::: Exercise materials :::
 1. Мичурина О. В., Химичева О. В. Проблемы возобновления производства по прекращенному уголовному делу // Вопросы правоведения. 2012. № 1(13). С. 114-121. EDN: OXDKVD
:::
::: Exercise materials :::
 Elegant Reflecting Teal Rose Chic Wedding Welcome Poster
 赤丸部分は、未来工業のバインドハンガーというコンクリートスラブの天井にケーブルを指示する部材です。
:::
Using only the entries above, output the line with "Elegant Reflecting Teal", the line with "赤丸部分は、未来工業のバイン", and all lines between them, exactly as they stand.

:: Answer to this task ::
 Elegant Reflecting Teal Rose Chic Wedding Welcome Poster
 赤丸部分は、未来工業のバインドハンガーというコンクリートスラブの天井にケーブルを指示する部材です。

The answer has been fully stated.